NIST says China’s DeepSeek trails U.S. rivals in cybersecurity and reasoning, shows censorship and data‑sharing risks. Experts urge cautious, controlled use.
A U.S. government assessment has raised red flags about Chinese AI vendor DeepSeek, finding its models underperform U.S. rivals on key security and reasoning measures and exhibit politically aligned censorship and data‑sharing behaviors.
Released Sept. 30 by the National Institute of Standards and Technology’s Center for AI Standards and Innovation (CAISI), the report says DeepSeek systems lag OpenAI’s GPT‑5 and Anthropic’s Claude Opus 4 across several benchmarks. NIST found the models are more vulnerable to “agent hijacking” attacks—attempts to capture credentials or redirect actions—and more likely to follow malicious instructions.
CAISI said it produced the evaluation in response to President Donald Trump’s AI Action Plan, which asked the agency to assess models from China.
The report lands about a year after DeepSeek‑R1 briefly stunned the market by approaching Western performance while using far less compute and capital. Although DeepSeek’s open‑source releases never matched the popularity of ChatGPT, they drew a global user base and influenced rivals—reducing momentum for some open‑weight alternatives like Meta’s Llama and nudging OpenAI to offer more open options earlier in the year.
Performance is not uniformly weak, NIST noted. On science Q&A and knowledge tests, DeepSeek models performed comparably to U.S. peers; DeepSeek V3.1 ranked near the top on scientific, mathematical and reasoning tasks.
But American models generally led in software engineering and cybersecurity, according to CAISI’s findings.
Kashyap Kompella, CEO of RPA2AI Research, said the assessment shows how large language models tend to reflect the values and constraints of their creators. He argued censorship is structurally embedded in China‑based systems due to domestic rules and remains even when models are open‑sourced or locally hosted. He also noted that U.S. models are constrained by corporate guardrails and commercial considerations.

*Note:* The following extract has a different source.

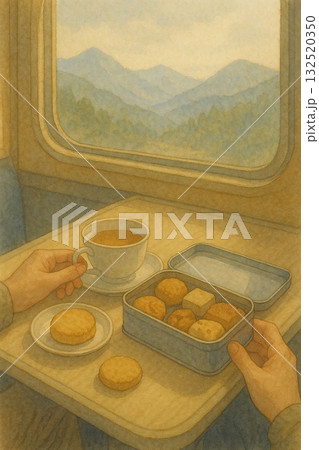 列車旅途的下午茶 鐵道窗邊餅乾與紅茶的水彩插畫

Some industry analysts questioned DeepSeek’s earlier performance claims. David Nicholson of Futurum Group said projections that enterprises would retool around custom GPU software stacks to replicate DeepSeek’s gains are unrealistic. The more pressing issue, he said, is how organizations can ensure security as they rely more on LLMs and generate fresh data continuously.

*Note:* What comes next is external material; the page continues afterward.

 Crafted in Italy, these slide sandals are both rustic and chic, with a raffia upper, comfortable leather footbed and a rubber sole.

For companies that still want to test DeepSeek, Nicholson advised containing risk by accessing the models through enterprise‑grade platforms such as AWS Bedrock or Microsoft Azure and operating within tightly controlled environments.
Taken together, NIST’s findings intensify scrutiny of DeepSeek at a time when global model ecosystems appear to be specializing—Chinese systems showing strength in scientific reasoning, and U.S. models leading in software and security.
For enterprise buyers, the takeaway is pragmatic: validate performance claims in real workloads, audit security and privacy behavior, and weigh geopolitical and compliance exposure before deployment.